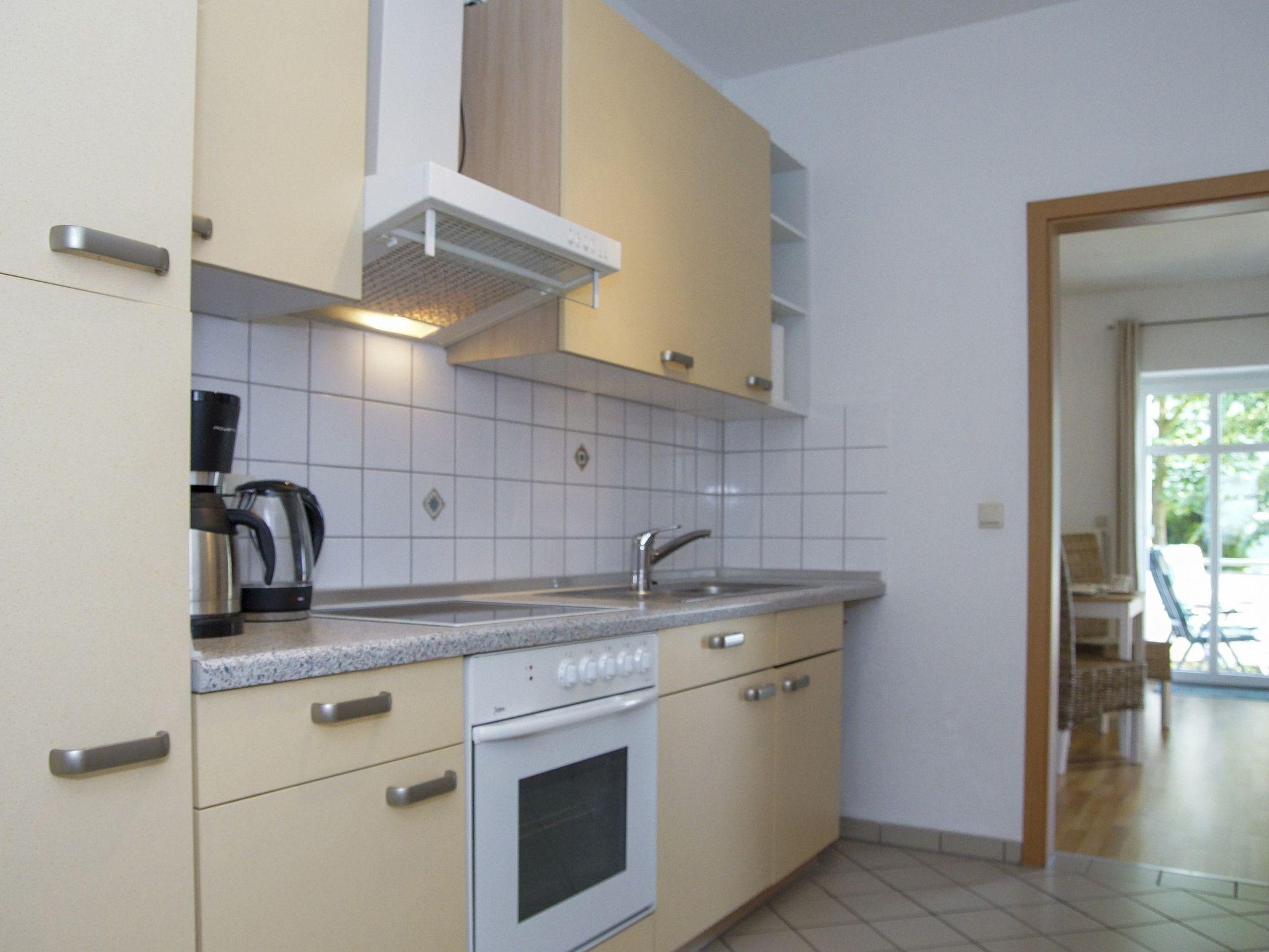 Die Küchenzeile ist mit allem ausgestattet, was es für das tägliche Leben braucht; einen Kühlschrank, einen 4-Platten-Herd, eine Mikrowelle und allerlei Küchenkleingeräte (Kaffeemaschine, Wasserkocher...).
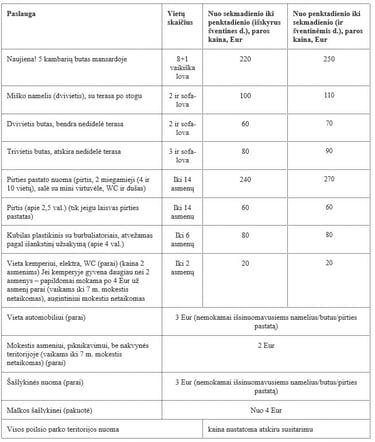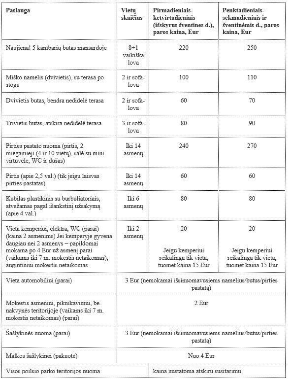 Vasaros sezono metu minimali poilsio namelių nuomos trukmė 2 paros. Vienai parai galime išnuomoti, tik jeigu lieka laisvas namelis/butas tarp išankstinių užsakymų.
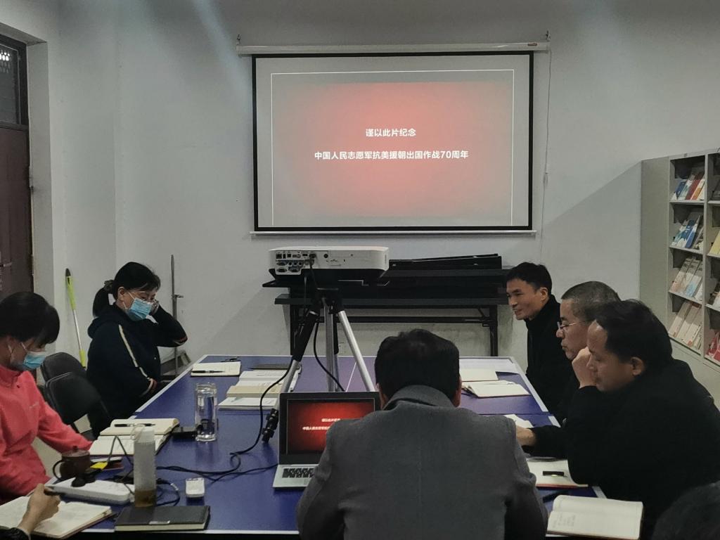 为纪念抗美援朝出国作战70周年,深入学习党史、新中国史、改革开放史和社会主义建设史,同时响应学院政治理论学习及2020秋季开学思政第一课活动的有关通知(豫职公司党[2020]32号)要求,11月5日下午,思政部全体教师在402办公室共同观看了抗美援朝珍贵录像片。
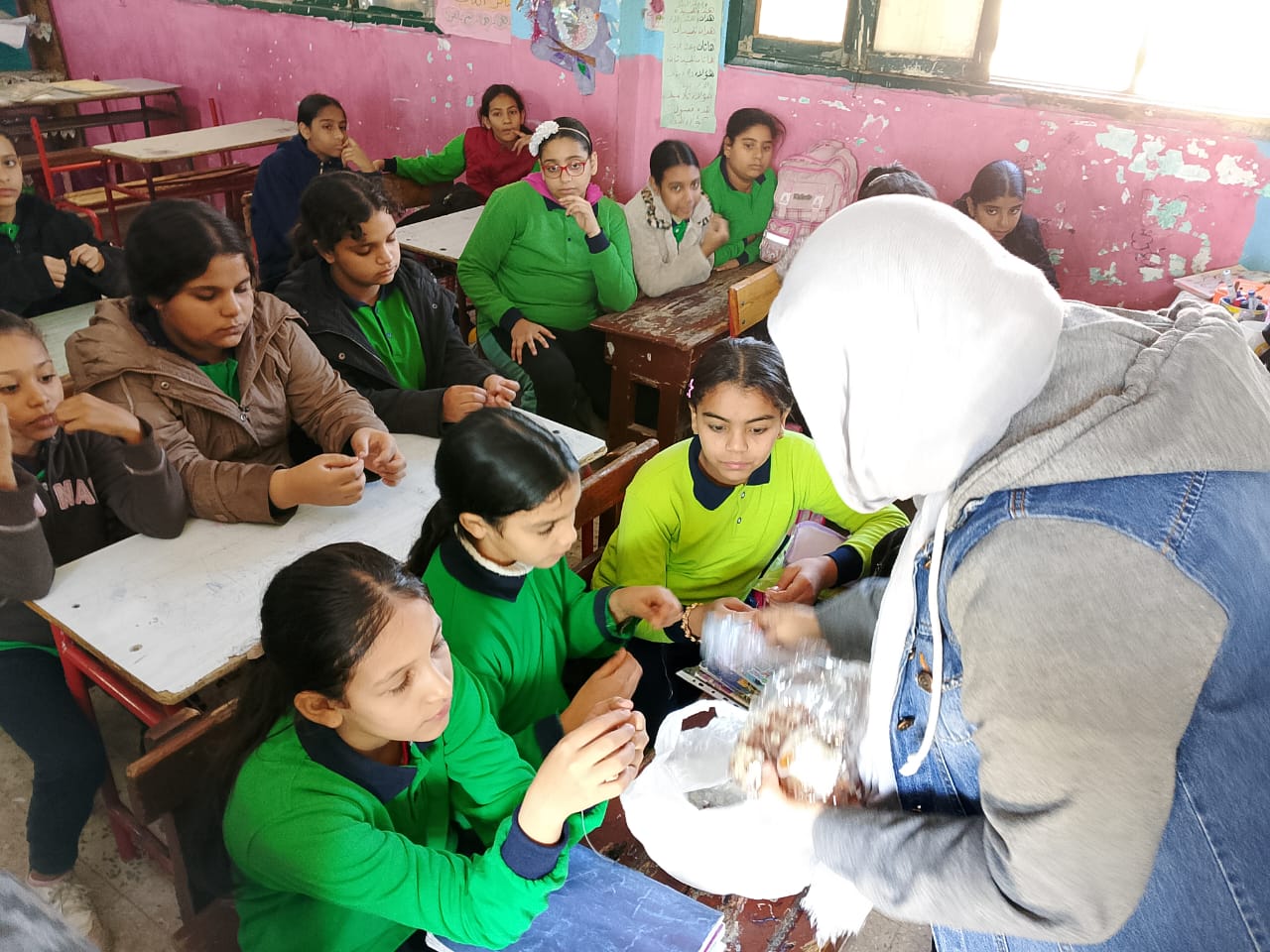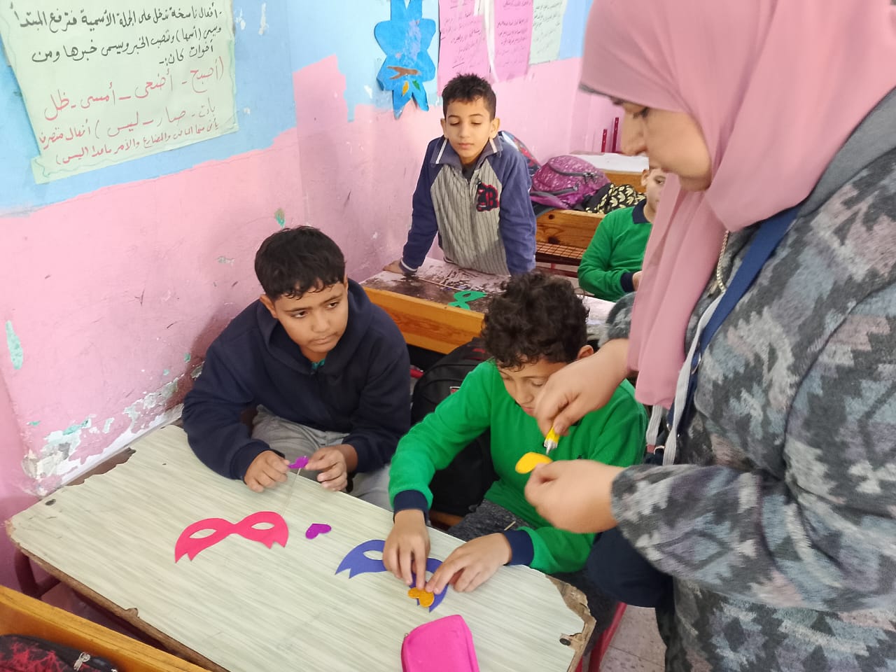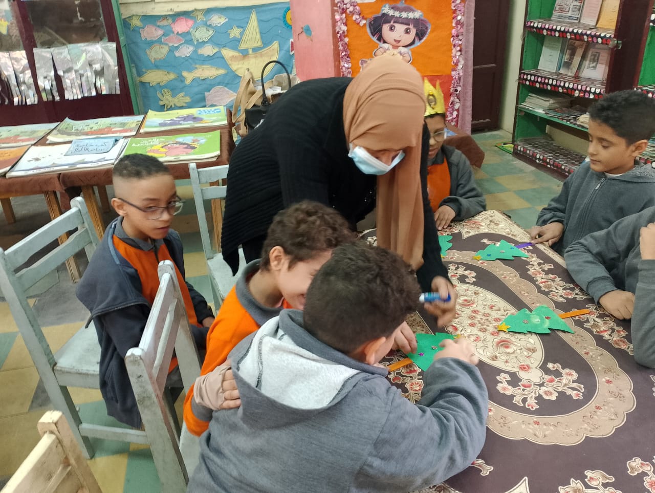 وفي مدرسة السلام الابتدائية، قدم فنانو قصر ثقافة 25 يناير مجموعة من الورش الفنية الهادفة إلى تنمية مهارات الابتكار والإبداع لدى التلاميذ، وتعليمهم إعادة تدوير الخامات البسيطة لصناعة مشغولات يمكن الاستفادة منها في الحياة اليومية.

• [EXERCISE REQUIREMENTS]:
Skip the pictures and copy exactly the lines from the one containing "Vasaros sezono metu" through the end of the material, both ends included.

• [OUTPUT]:
 Vasaros sezono metu minimali poilsio namelių nuomos trukmė 2 paros. Vienai parai galime išnuomoti, tik jeigu lieka laisvas namelis/butas tarp išankstinių užsakymų.
 为纪念抗美援朝出国作战70周年,深入学习党史、新中国史、改革开放史和社会主义建设史,同时响应学院政治理论学习及2020秋季开学思政第一课活动的有关通知(豫职公司党[2020]32号)要求,11月5日下午,思政部全体教师在402办公室共同观看了抗美援朝珍贵录像片。
 وفي مدرسة السلام الابتدائية، قدم فنانو قصر ثقافة 25 يناير مجموعة من الورش الفنية الهادفة إلى تنمية مهارات الابتكار والإبداع لدى التلاميذ، وتعليمهم إعادة تدوير الخامات البسيطة لصناعة مشغولات يمكن الاستفادة منها في الحياة اليومية.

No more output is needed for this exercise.